Мадам Леонс едет отдыхать одна. Несмотря на бездну изобретательности, которую она проявляет (а может быть, именно из-за нее), чтобы семья хорошо питалась и была прилично одета, она очень похудела и нервы ее совсем расстроились. Доктор рекомендовал ей отдых, деревню. Мадам Леонс считает, что Тулуза, где они живут, уже деревня, все, что не Париж, — деревня! Но Робер настоял, чтобы она уехала. Робер, он такой внимательный; сам в течение месяца будет питаться в ресторане, а малышу будет хорошо у Мэмэ… Ей нельзя больше думать о карточках, сказал доктор. «Карточкомания» приняла угрожающие размеры, есть люди, которые говорят только о карточках и о том, где что можно достать. Они стоят в очередях из любви к искусству, они разъезжают потому, что талон ДН, который у них в районе не стоит ничего, в соседнем департаменте чего-то стоит.
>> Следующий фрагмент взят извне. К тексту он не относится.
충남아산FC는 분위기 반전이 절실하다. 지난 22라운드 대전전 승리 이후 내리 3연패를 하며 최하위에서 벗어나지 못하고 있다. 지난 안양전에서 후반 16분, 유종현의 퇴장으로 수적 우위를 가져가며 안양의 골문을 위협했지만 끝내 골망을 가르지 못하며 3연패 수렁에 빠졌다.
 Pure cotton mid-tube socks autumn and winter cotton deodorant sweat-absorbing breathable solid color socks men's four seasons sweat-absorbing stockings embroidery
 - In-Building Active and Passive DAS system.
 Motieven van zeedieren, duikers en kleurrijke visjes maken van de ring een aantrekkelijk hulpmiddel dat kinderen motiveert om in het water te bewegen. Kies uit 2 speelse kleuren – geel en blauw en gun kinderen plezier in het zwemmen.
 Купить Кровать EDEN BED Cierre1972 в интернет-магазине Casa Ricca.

— ДН, — говорит мадам Леонс, — это мучные изделия, их и здесь можно получить.
Вообще-то мадам Леонс решила переменить врача, этот смешон своей болтовней о «карточкомании». Еще немного, и он объявил бы ее помешанной. Разве она упрекает доктора за то, что он все время говорит только о войне? Выходит, у него «войномания»? Она рассказала ему историю с пальтишком Лулу, и он тут же воскликнул: «Вот видите, вот видите!» А что, собственно, должна она видеть? Подумаешь, какое событие! Лулу вырос из своего пальто, и нужно было обменять его на другое. Она пошла в мэрию, оттуда ее направили в «Национальную помощь», там взяли пальтишко и выдали ордер на другое детское пальто, но сверх того, которое она отдавала, с нее потребовали еще двадцать талонов. Какая же тут выгода? Тогда она отправилась в префектуру, где ей дали ордер, не взяв ее пальто, но, правда, двадцать талонов все же вырезали… Это было уже лучше: тут она на самом деле выгадала старое детское пальтишко. Как, однако, все организовано!
— Вот видите, месье Леонс! Об этом я вам и говорил. Очень советую отправить жену в деревню…
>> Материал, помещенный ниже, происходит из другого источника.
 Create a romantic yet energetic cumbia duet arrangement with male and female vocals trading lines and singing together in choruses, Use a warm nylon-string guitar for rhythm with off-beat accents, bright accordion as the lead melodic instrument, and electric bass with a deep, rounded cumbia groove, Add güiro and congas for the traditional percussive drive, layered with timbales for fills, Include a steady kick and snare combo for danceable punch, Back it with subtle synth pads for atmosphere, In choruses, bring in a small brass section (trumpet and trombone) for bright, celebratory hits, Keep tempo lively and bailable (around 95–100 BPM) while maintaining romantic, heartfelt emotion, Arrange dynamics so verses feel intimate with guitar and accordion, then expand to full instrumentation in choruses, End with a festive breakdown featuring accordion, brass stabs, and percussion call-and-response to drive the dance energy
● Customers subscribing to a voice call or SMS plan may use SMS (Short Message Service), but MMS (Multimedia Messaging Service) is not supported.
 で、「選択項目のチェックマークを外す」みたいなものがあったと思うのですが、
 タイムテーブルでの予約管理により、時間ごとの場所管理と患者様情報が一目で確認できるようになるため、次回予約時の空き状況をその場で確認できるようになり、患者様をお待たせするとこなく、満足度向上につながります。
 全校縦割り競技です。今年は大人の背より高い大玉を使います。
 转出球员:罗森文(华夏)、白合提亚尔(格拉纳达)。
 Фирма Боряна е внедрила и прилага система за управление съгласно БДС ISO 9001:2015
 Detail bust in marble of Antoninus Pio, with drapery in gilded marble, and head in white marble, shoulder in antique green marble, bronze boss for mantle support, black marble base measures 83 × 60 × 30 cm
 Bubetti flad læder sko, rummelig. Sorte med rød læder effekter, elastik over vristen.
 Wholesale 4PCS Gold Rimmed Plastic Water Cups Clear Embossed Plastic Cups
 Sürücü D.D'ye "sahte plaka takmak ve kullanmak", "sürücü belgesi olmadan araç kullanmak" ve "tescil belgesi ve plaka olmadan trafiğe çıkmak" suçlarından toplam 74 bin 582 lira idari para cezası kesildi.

Она, должно быть, взяла с собой слишком много вещей… Вполне возможно, но в конце концов это ее право. Почему война уничтожила на вокзалах всех носильщиков? Их нет и в помине. Нечего и пытаться все это понять. К счастью, в поездах встречаются военнослужащие и молодые люди в шортах. Непонятно, что это за люди, но они всегда готовы помочь вам поднести чемодан… Мадам Леонс ехала с двумя пересадками. Первый раз ей пришлось бежать, чтобы поспеть, потому что поезд, с которым она прибыла, опоздал. Тоннель тянулся бесконечно, высокий молодой человек хоть и производил впечатление силача, но все же обливался потом, пока наконец не уложил в сетку три ее чемодана. Он тоже бежал по тоннелю. Удивительно, какие бывают сильные мужчины! Подумать только, бежать с тремя чемоданами! Мадам Леонс рассыпалась в благодарностях… Молодой человек едва успел выскочить из вагона, как поезд тронулся, набирая скорость. На второй пересадке все было наоборот: опаздывал поезд, в который мадам Леонс должна была пересесть, и ей пришлось бесконечно долго ждать в буфете вокзала, где ее буквально атаковали мухи, хотя в буфете было пусто — даже для мух не нашлось бы ничего съедобного.
Но гвоздем путешествия был самый его конец — прибытие к месту назначения, точнее — почти к месту назначения, потому что мадам Леонс вынуждена была переночевать в этом городе и только наутро могла выехать на машине в захолустное местечко, которое и являлось целью ее путешествия, а до него оставалось еще пять километров.
Мадам Леонс пришлось долго кокетничать с контролером у выхода, прежде чем он разрешил носильщику, единственному на привокзальной площади, пройти на давно уже пустынный перрон, где в полном одиночестве ждали ее чемоданы. Носильщик смахивал на столетнего старца: он приподнял большой чемодан и сказал: «Несите сами, для меня чересчур тяжелый», — и взял два чемодана поменьше. Мадам Леонс пришлось коленом толкать перед собой большой чемодан. К счастью, контролер заметил ее еще издали и поспешил на помощь, а по выходе с вокзала нашелся рабочий, который взвалил все три чемодана на тележку и подвез их до гостиницы «Терминус».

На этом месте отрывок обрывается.